Savings bank NS&I has appointed IBM as the first major supplier for its “Rainbow” transformation programme, which will see NS&I ditch its decade-old partnership with Atos.

The deal will see IBM deliver “digital integration and service operations” for the government-owned bank as part of the NS&I transformation programme, with a contract running from March 2022 until 2028, with a potential two-year extension. NS&I didn’t immediately confirm the value of the contract, but a tender issued last year for the same work placed the value at £39.5 million over six years.

Update 1 July 2022: NS&I has told The Stack the value of IBM’s six-year contract is £34.2 million.

More contracts under the £2 billion Rainbow programme will follow, with a total of £700+ million in tenders currently in the works for this phase of the project.

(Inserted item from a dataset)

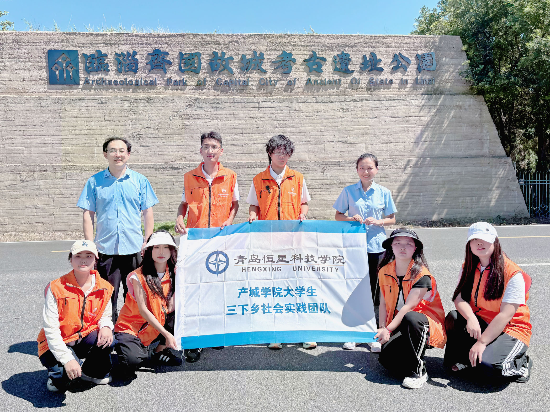 图为全体师生在临淄齐国故城考古遗址公园大合照。郝茜 供图

See: Savings bank NS&I launches £700m+ in IT tenders

The bank’s annual report said funding for the NS&I transformation programme was ring-fenced, with £53.3 million allocated for resource spending in 2022-3, and £3.3 million for capital expenditure. The ring-fenced amount for future years is currently £178 million.

“I am delighted to achieve our first major milestone in our Rainbow programme and to welcome IBM as one of our new partners in delivering NS&I’s future operating model. IBM demonstrated a strong understanding of NS&I’s requirements and proposed a high quality solution, whilst also delivering for our customers and taxpayers. IBM have a long history of delivering in this field and we are looking forward to working with such a high quality partner,” said NS&I COO Matthew Smith in a press release.

The NS&I annual report said IBM would be working on “the technical and operational centre of NS&I’s future operating model” and will be designing the integration platform, its services and interfaces, and a central security monitoring service for the whole of NS&I’s tech stack. Other NS&I transformation programme contracts, covering Digital Experience and Digital Enablement; Customer Contact and Operations; and Core Banking, Payments and Reporting, should be signed by April 2023, according to the report.

Atos’s contract comes to an end in March 2024, and NS&I regards the shift from a single-supplier managed services model to a multi-vendor self-managed setup as a big deal.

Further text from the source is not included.